Examples of such are grass or moss covered rocks, roots or other
obstacles that are close to ground and of a similar colour or
texture as the ground. The robotic work tool is also or
alternatively arranged or configured to traverse and operate in a
work area that contains obstacles that are overhanging, i.e.
obstacles that may not be detectable from the ground up, such as
low hanging branches of trees or bushes. Such a garden is thus not
simply a flat lawn to be mowed or similar, but a work area of
unpredictable structure and characteristics. The work area 305
exemplified with referenced to FIG. 3, may thus be such a
non-uniform work area as disclosed in this paragraph that the
robotic work tool is arranged to traverse and/or operate in.
[0059] In the below several embodiments of how the robotic work
tool may be adapted will be disclosed. It should be noted that all
embodiments may be combined in any combination providing a combined
adaptation of the robotic work tool.
[0060] Returning to the charging station 310, in this example it is
located under a roof (R) which in this example is attached or
adjacent to a house (H). The roof R is but one example of a
sheltered position that the charging station may be located in in
order to provide shelter against environmental factors. The scale
of the house in relation to the charging station has been
manipulated for illustrative purposes. It should be noted that even
though the description herein is focused on sheltering from
environmental factors, the teachings herein may also be used to
simply provide for an alternative location of a servicing station
that may otherwise be difficult to locate and access.

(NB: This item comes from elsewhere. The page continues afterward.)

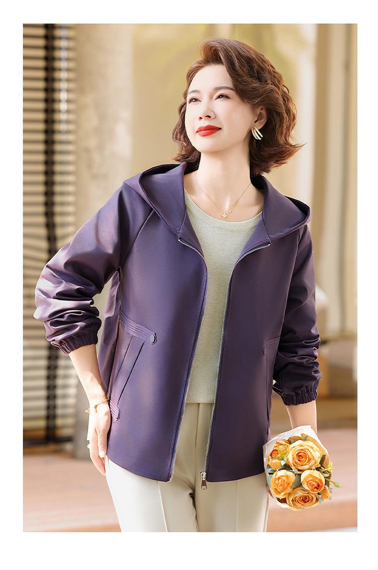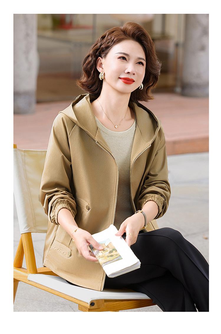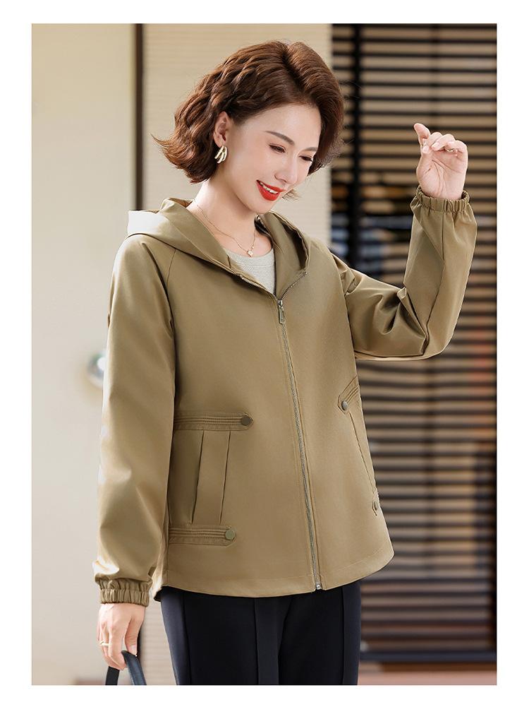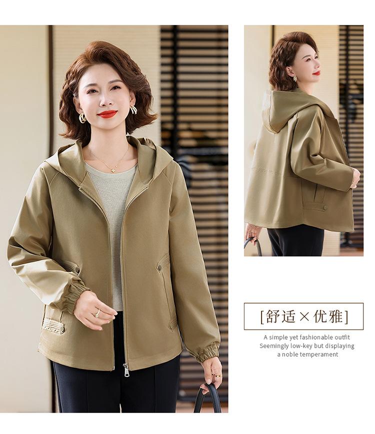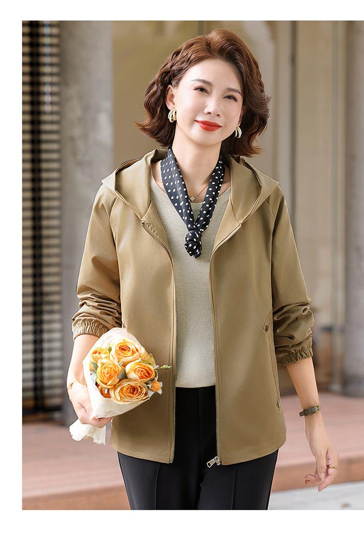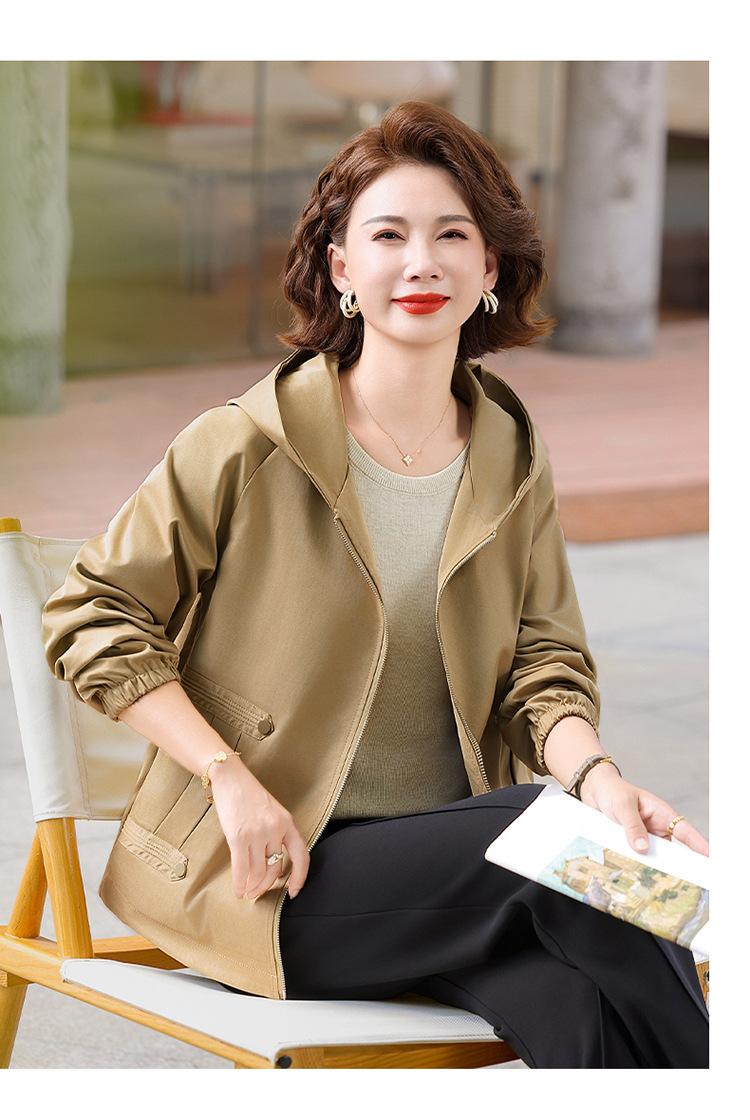 Chaqueta con capucha de moda de otoño para mamá joven, talla grande, holgada, estilo nuevo 2025, chaqueta de moda para mujeres de mediana edad para primavera y otoño

[0061] In the example of FIG. 3, the robotic lawnmower 200 is in
the line of sight (as indicated by the dotted arrows reaching the
robotic lawnmower 200) of both the satellite 330A and the RTK
beacon 330B and the robotic work tool will thus be able to navigate
utilizing the satellite navigation sensor 290, as the signals will
be reliably received. The robotic lawnmower 200 is thus in a
location or area where navigation using signal navigation devices
330 is possible. It should be noted that the robotic lawnmower 200
need not necessarily be in the line of sight of all available
signal navigation devices 330, but has to be in the line of sight
of an adequate number, where the adequate number is determined by
the operational requirements as a skilled person would understand.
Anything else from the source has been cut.